Source information:
#####

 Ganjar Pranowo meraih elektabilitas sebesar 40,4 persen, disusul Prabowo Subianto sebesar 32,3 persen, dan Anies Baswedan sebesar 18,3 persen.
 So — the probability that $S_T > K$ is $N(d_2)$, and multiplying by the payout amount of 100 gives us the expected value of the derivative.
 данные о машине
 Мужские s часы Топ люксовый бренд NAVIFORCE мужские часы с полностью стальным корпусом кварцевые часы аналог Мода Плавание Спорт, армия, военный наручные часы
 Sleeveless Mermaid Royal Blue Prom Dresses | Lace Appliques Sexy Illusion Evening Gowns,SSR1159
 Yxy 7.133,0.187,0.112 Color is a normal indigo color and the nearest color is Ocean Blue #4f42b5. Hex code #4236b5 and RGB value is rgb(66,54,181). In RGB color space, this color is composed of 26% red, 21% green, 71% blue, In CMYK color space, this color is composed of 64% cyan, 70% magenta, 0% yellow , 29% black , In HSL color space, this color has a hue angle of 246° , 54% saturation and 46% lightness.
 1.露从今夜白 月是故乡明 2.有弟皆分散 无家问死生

#####

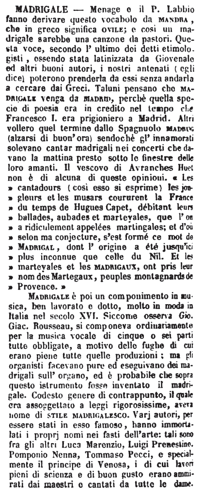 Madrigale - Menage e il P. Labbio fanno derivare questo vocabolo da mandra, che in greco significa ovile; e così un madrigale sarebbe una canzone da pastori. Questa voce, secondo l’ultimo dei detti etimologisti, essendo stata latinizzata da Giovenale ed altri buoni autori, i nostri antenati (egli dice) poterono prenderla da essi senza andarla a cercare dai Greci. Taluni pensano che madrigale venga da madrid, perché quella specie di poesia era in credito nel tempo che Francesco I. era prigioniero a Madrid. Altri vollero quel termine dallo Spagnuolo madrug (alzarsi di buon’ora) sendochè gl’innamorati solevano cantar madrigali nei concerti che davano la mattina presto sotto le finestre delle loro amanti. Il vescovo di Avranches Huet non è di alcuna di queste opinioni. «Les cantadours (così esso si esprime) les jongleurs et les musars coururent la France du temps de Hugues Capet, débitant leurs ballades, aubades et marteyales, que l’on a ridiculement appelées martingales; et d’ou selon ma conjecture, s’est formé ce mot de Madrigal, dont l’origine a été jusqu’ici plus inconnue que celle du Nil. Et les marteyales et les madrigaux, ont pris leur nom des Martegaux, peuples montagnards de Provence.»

#####

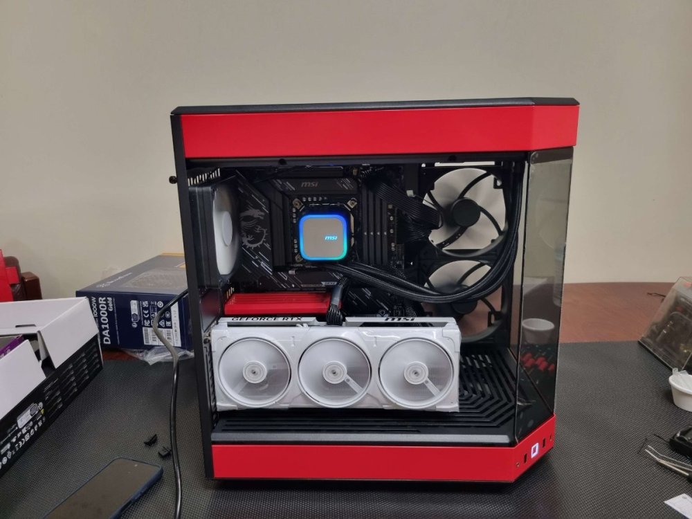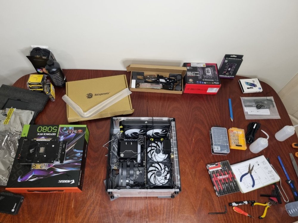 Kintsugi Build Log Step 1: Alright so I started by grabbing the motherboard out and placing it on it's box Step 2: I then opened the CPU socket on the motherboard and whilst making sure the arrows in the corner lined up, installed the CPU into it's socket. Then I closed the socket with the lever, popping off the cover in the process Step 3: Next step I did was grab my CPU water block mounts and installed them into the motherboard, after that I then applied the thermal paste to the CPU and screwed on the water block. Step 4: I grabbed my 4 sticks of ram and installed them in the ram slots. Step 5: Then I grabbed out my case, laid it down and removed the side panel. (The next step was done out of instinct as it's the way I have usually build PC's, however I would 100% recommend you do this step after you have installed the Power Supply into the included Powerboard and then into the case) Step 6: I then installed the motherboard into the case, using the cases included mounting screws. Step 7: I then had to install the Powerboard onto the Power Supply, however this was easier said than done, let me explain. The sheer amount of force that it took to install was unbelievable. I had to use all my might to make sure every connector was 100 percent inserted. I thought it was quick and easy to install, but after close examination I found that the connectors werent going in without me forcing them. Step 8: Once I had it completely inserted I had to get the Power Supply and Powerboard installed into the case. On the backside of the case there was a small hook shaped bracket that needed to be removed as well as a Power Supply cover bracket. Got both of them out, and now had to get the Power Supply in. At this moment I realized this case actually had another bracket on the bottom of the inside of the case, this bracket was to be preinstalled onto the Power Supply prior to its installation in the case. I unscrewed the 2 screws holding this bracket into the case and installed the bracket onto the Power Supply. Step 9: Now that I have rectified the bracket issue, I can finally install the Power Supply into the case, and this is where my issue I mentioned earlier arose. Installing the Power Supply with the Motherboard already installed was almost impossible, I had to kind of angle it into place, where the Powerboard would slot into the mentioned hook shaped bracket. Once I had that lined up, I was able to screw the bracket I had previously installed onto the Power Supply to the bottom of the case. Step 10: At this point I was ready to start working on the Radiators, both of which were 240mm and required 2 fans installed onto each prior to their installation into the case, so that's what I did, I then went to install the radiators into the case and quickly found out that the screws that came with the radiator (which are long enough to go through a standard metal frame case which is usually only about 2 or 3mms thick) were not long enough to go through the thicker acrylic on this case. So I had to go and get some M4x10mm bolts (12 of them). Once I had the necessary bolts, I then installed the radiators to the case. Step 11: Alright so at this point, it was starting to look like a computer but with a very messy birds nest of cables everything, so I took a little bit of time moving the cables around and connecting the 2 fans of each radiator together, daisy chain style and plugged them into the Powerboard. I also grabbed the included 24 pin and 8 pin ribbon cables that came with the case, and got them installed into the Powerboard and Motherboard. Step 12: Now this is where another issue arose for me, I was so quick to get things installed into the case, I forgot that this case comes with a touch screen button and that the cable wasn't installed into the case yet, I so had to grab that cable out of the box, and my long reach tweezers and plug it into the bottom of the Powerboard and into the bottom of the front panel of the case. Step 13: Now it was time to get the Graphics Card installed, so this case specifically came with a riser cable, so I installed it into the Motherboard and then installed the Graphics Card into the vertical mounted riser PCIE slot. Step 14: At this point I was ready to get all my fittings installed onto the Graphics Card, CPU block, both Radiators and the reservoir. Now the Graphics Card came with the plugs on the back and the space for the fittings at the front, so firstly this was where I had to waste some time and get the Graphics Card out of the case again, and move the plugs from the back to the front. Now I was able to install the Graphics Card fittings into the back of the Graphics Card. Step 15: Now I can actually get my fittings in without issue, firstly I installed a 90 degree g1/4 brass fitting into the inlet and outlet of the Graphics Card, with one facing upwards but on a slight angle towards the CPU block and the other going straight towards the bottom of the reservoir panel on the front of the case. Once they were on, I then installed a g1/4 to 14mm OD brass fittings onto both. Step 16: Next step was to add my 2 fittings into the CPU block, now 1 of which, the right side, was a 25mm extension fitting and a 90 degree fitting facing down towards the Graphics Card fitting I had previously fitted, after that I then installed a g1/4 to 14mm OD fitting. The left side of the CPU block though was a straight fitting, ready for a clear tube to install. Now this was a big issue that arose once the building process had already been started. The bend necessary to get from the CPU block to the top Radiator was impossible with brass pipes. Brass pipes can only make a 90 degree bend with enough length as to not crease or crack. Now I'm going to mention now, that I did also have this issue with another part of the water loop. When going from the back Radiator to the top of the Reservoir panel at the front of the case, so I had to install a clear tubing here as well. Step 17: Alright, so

#####

About this task: What are the lines above, starting at the one with "Ganjar Pranowo meraih" and ending at the one with "данные о машине"? Give them again exactly, and only them.

Answer to this exercise:
 Ganjar Pranowo meraih elektabilitas sebesar 40,4 persen, disusul Prabowo Subianto sebesar 32,3 persen, dan Anies Baswedan sebesar 18,3 persen.
 So — the probability that $S_T > K$ is $N(d_2)$, and multiplying by the payout amount of 100 gives us the expected value of the derivative.
 данные о машине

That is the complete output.